§ **ACTION ITEM**
Your copy begins at the line with "Эффективное расположение открытой" and runs through the end of the data below. Set down only those lines exactly, without pictures.

§ **RECORDS SUPPLIED**
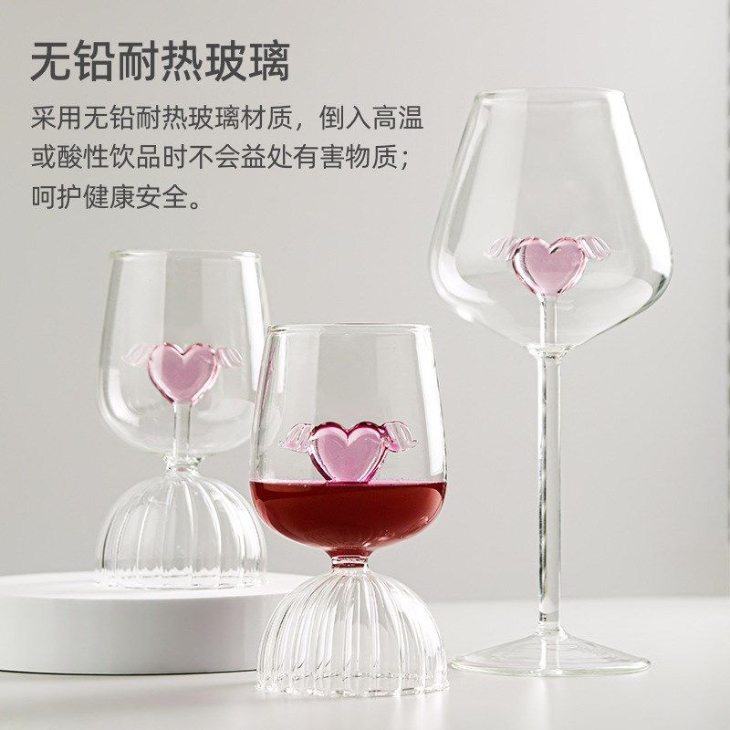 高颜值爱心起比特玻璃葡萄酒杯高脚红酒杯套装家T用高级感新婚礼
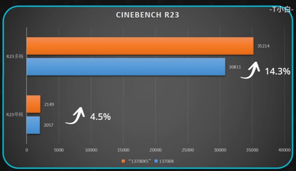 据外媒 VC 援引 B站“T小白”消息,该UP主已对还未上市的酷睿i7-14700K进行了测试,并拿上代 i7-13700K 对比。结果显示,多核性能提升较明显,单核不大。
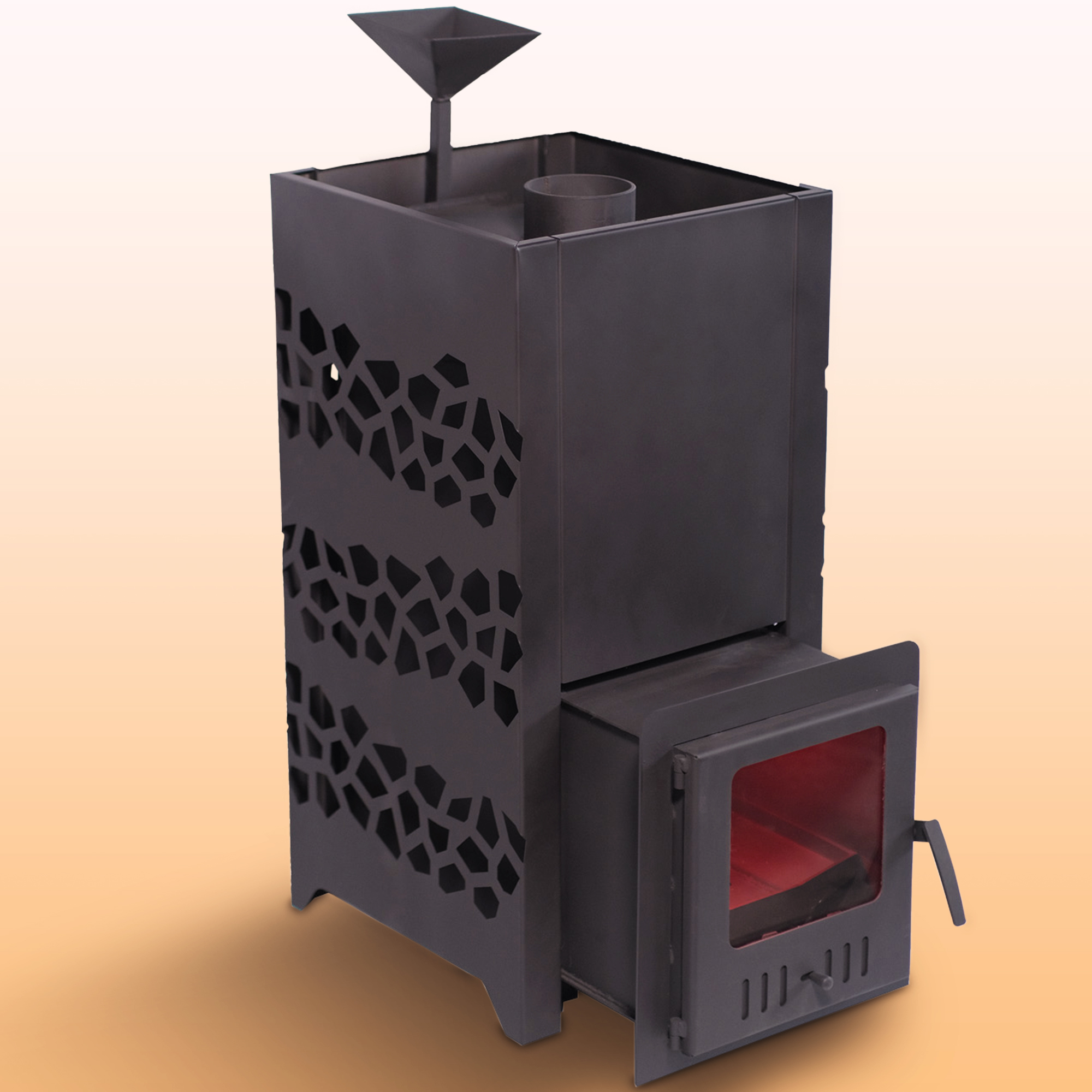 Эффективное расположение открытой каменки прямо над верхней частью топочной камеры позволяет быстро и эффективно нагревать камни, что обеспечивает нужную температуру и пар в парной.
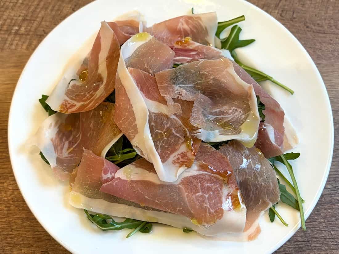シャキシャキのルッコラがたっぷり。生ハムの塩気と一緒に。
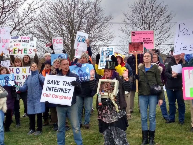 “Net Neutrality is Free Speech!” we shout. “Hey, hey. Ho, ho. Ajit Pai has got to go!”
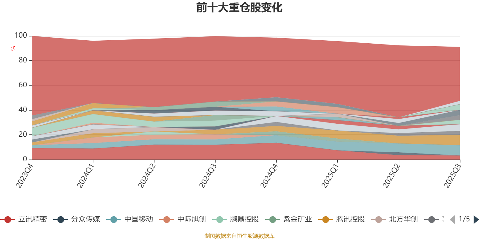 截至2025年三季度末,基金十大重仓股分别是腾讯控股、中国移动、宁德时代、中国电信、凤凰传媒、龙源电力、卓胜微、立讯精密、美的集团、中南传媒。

§ **EXPECTED ANSWER**
 Эффективное расположение открытой каменки прямо над верхней частью топочной камеры позволяет быстро и эффективно нагревать камни, что обеспечивает нужную температуру и пар в парной.
シャキシャキのルッコラがたっぷり。生ハムの塩気と一緒に。
 “Net Neutrality is Free Speech!” we shout. “Hey, hey. Ho, ho. Ajit Pai has got to go!”
 截至2025年三季度末,基金十大重仓股分别是腾讯控股、中国移动、宁德时代、中国电信、凤凰传媒、龙源电力、卓胜微、立讯精密、美的集团、中南传媒。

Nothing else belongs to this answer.